How do you temper chocolate? Why is chocolate tempering important?


----------



## m brown (May 29, 1999)

chocolate contains cocoa butter, sugar and cocoa solids. 
the fats are melted at different temps and are unstable. 
the sugar also melts at a different temp than the fats. 
to stablize the mix you must melt the chocolate to not more than 122 f, cool 1/2 to 85 f and combine to 100 - 110 f. 
this can be done by melting 3/4 of your chocolate to 120f, adding 1/4 of the remaining chocolate fine chop and mixing by hand with a wooden or rubber spatula no whipping or frothing needed. 
this method is called seeding and is quite easy as tempering goes.
you may also table the chocolate by melting the chocolate to 120, pouring half onto a clean, cool marble and moving it about with an off set spatula and adding back to warm chocolate when it begins to thicken. 
the chocolate should feel slightly cool to your lower lip or the flesh on your knucle. 
you can tell if the chocolate is ready by dipping a clean palate knife into the chocolate and set it down in a cool place, if the choc becomes dry and has a beautiful sheen, good to go.
this is a technique and must be done many times to do with ease. 

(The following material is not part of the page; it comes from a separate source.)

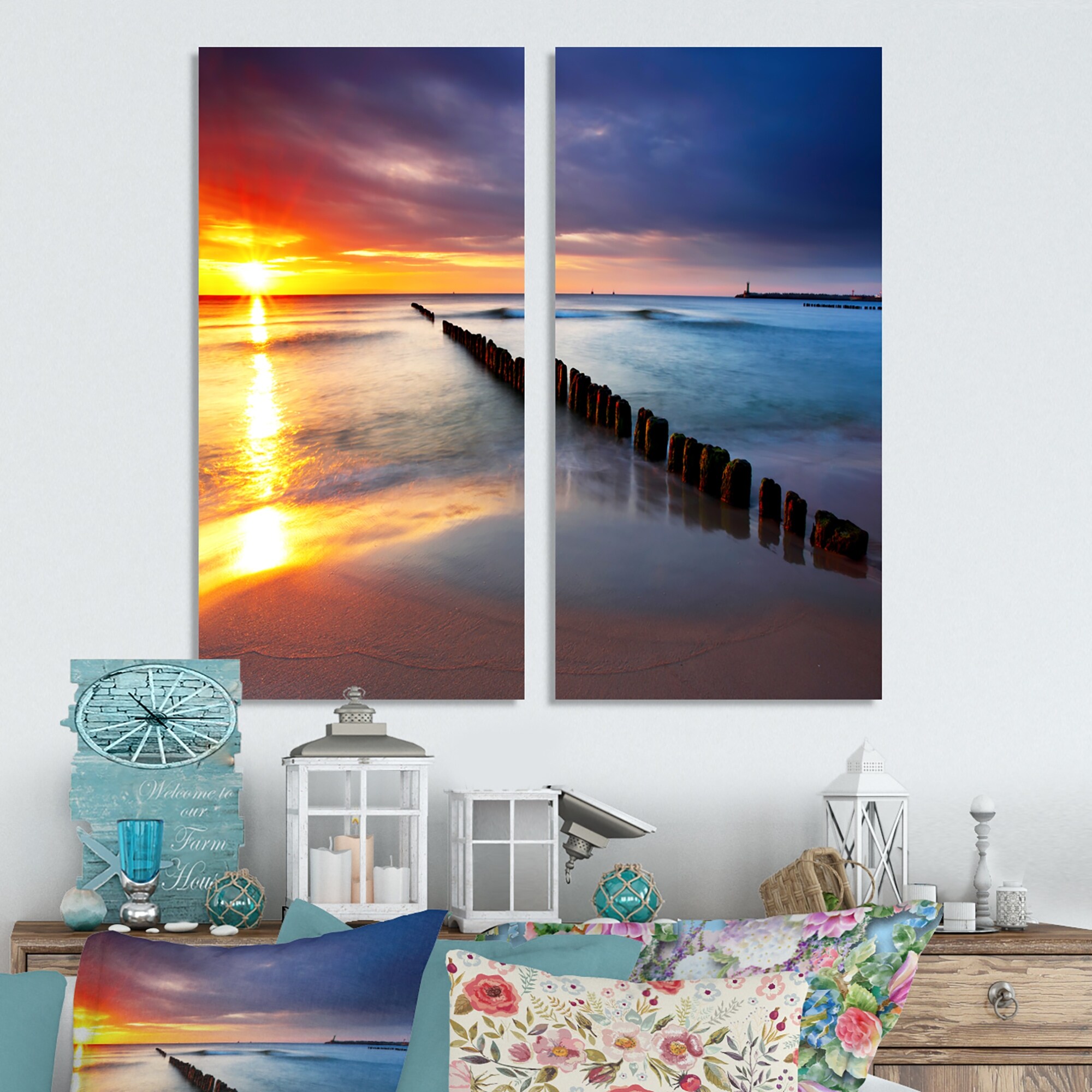 Designart "Baltic Sea Poland Beach" Sea & Shore Canvas Wall Art Print 2 Piece Set
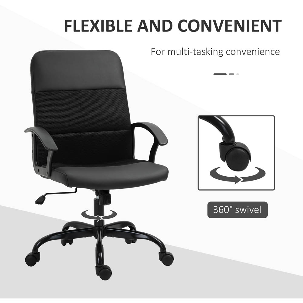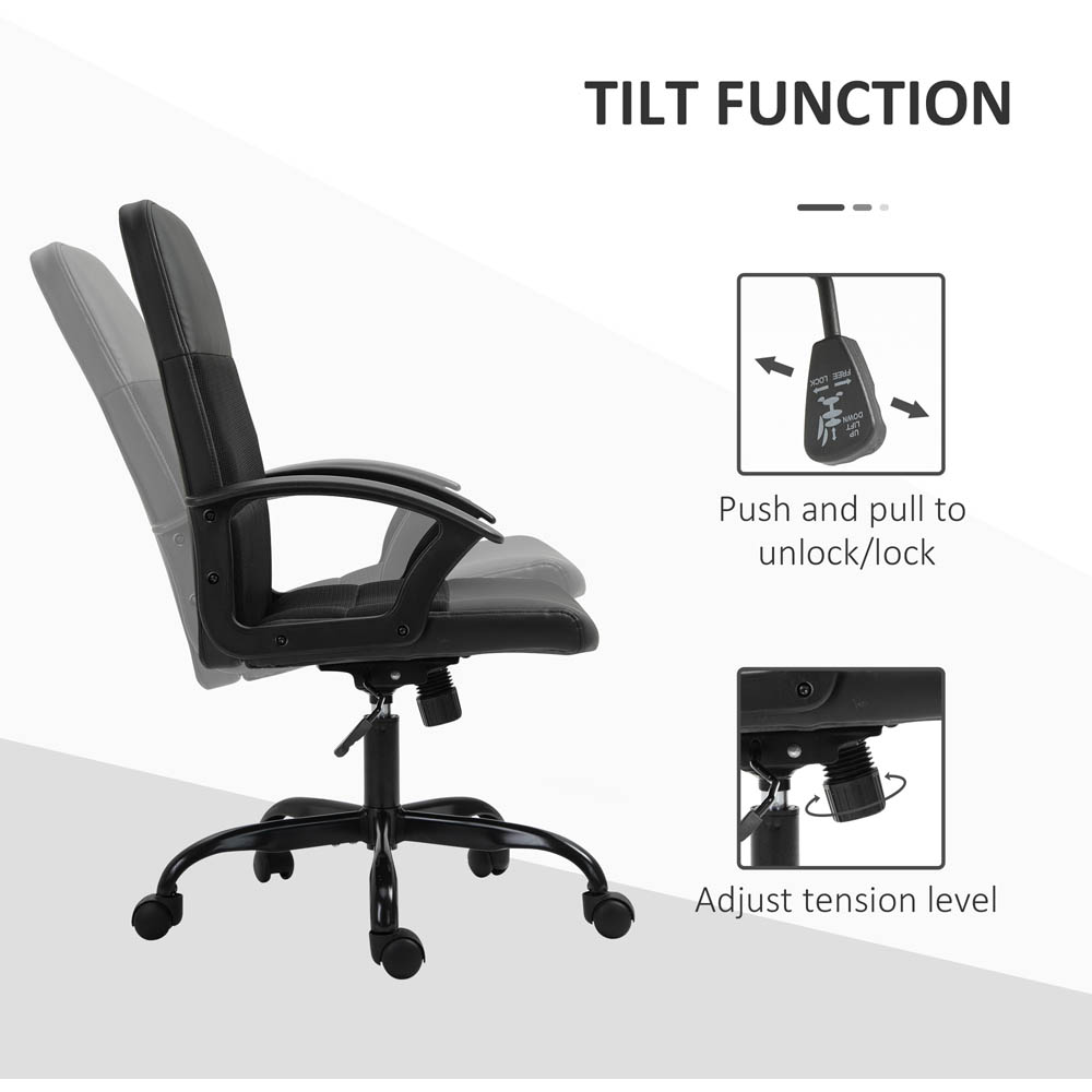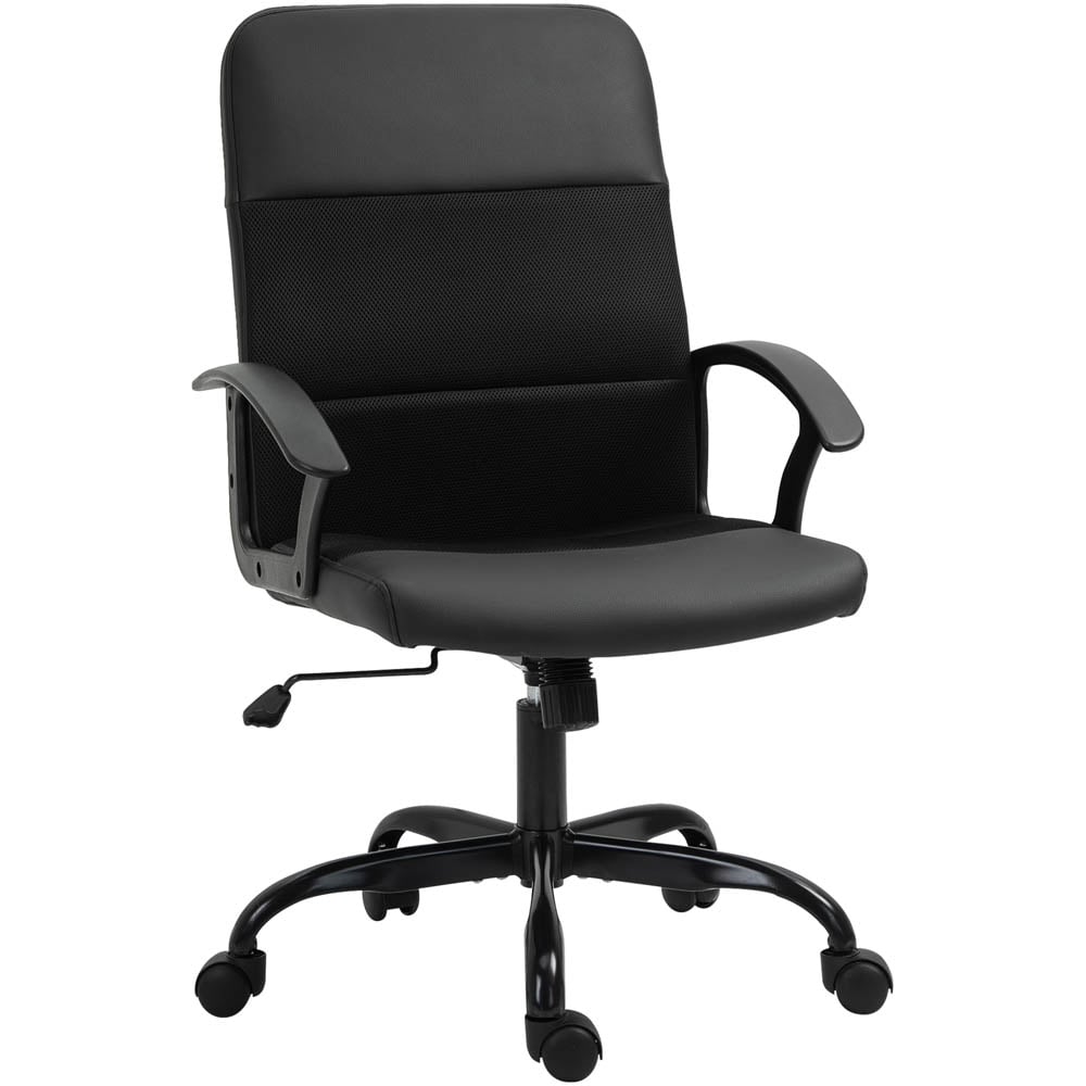 The Portland Black PVC Leather and Mesh Office Chair offers a stylish and comfortable seating option for your office space. With its faux leather top and bottom panels, along with a middle mesh in a unique boxy shape. This chair not only looks great but also provides a comfortable sitting experience. The chair's height is adjustable from 47 to 55cm, allowing you to find the perfect level that suits your needs and prevents any strain on your body. Additionally, the wide seat, high back, and fixed armrests ensure a comfortable sitting position for extended periods. The rocking range of the chair can also be adjusted, allowing for a gentle tilt when you lean back. Choose this office chair for a stylish and comfortable addition to your workspace.

find dessert circus by jacques torres, he has a good description. 
what is your application? professional or for fun?
there are many methods, please read up.


----------



## bakerchik (Feb 7, 2001)

Thanks m brown. I wanted to know for fun and because i'm sure it would come in handy to know eventually. I actually saw a show on the food network with jacques torres. He was explaining how to temper chocolate and showed how to using the cool marble but i was making cookies and only half paid attention. It sparked my interest though so i figured i'd follow it up.


----------



## lorib (Jan 3, 2001)

What a beautiful picture!

Why can't I figure out how to put the gremlins in my tesxt anymore? What happened to the "hopper"? Duh.....

[ 02-13-2001: Message edited by: LoriB ]


----------



## seattledeb (Nov 5, 2000)

I'll take the banana split in that picture of no one else wants it


----------



## cape chef (Jul 31, 2000)

Deb,

I think there enough to share..Yum  
cc


----------